■ EXERCISE PROMPT
Once you find the line with "Founded in 1972" in the listing below, set down exactly every line from it through the line with "¹Ú½ÂÇö)´Â 2ÀÏ °ÅÁ¦Áö¿ª", but no pictures.

Segment Start: DATA SUPPLIED

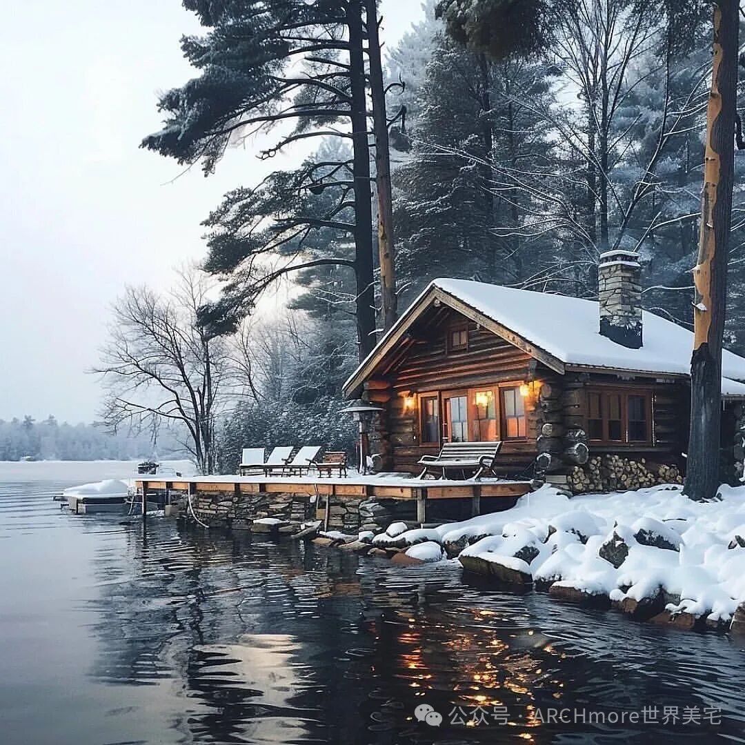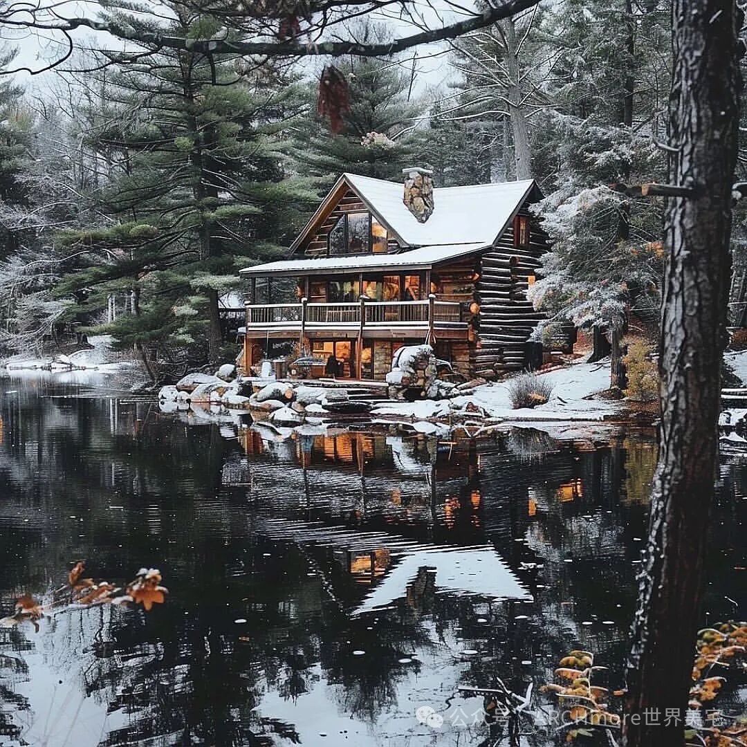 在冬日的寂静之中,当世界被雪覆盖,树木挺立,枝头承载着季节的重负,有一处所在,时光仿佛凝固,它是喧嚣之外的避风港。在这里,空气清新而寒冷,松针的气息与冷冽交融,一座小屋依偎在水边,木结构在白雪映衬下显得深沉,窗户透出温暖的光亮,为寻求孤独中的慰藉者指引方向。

Segment End: DATA SUPPLIED
Segment Start: DATA SUPPLIED

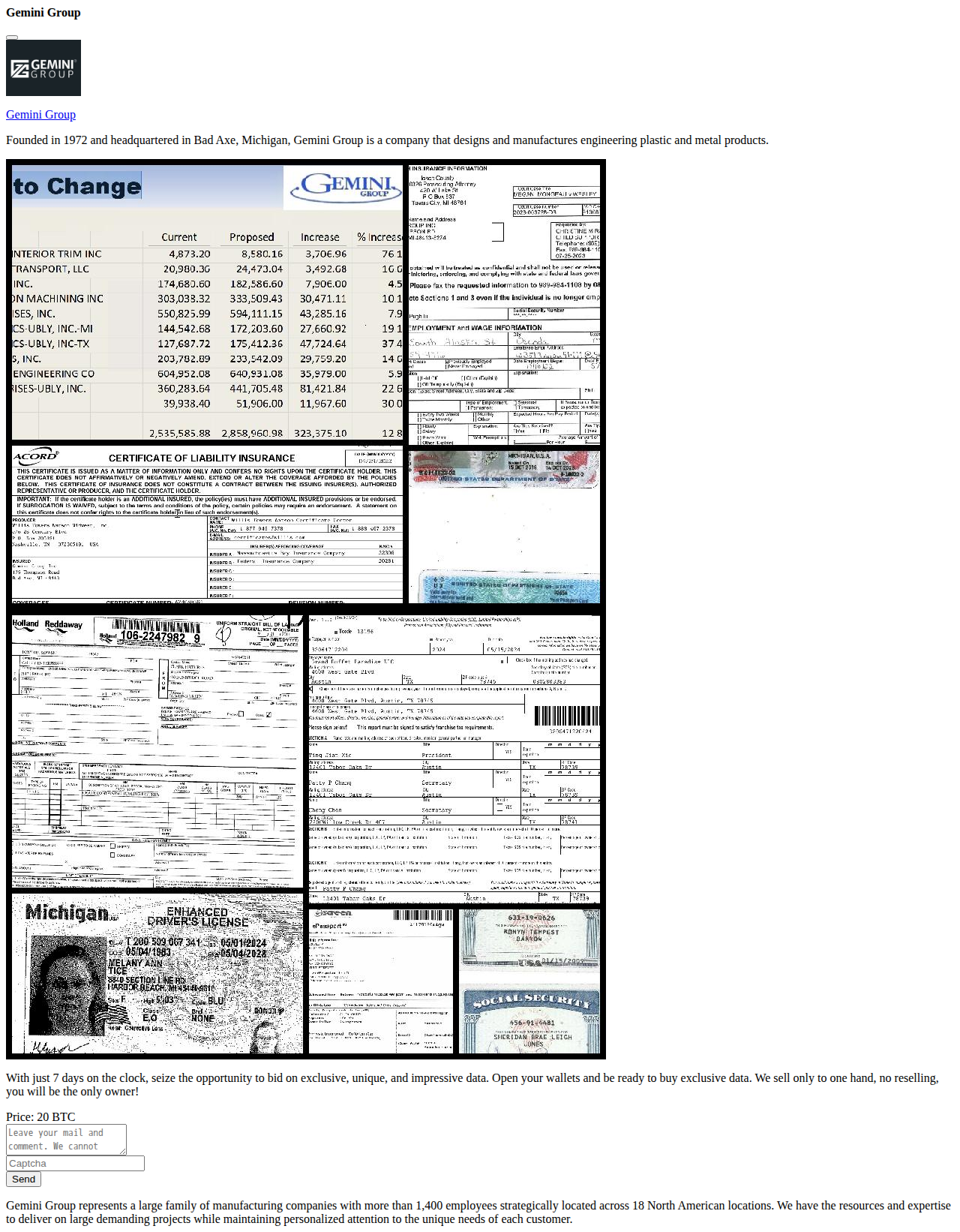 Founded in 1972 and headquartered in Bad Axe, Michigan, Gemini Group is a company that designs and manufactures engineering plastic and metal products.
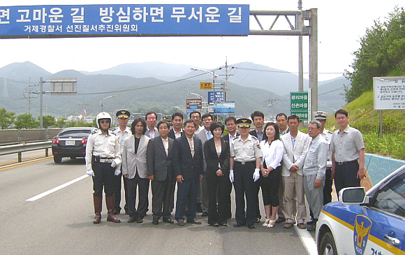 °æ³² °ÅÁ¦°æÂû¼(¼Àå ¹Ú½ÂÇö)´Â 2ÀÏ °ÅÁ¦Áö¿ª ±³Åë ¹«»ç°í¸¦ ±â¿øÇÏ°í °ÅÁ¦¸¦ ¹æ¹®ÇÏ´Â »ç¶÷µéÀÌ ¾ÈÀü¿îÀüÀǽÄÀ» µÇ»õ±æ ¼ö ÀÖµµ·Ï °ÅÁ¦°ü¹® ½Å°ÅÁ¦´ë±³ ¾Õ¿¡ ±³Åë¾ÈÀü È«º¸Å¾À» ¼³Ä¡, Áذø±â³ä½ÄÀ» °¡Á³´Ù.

Segment End: DATA SUPPLIED
Segment Start: DATA SUPPLIED

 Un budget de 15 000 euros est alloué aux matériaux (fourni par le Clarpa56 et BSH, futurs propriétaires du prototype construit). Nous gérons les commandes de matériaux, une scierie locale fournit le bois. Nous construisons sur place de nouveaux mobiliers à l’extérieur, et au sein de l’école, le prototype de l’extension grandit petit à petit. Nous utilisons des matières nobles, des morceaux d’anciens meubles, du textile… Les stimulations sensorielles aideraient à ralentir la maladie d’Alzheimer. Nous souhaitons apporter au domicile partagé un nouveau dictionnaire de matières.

Segment End: DATA SUPPLIED

■ ANSWER BOX
 Founded in 1972 and headquartered in Bad Axe, Michigan, Gemini Group is a company that designs and manufactures engineering plastic and metal products.
 °æ³² °ÅÁ¦°æÂû¼(¼Àå ¹Ú½ÂÇö)´Â 2ÀÏ °ÅÁ¦Áö¿ª ±³Åë ¹«»ç°í¸¦ ±â¿øÇÏ°í °ÅÁ¦¸¦ ¹æ¹®ÇÏ´Â »ç¶÷µéÀÌ ¾ÈÀü¿îÀüÀǽÄÀ» µÇ»õ±æ ¼ö ÀÖµµ·Ï °ÅÁ¦°ü¹® ½Å°ÅÁ¦´ë±³ ¾Õ¿¡ ±³Åë¾ÈÀü È«º¸Å¾À» ¼³Ä¡, Áذø±â³ä½ÄÀ» °¡Á³´Ù.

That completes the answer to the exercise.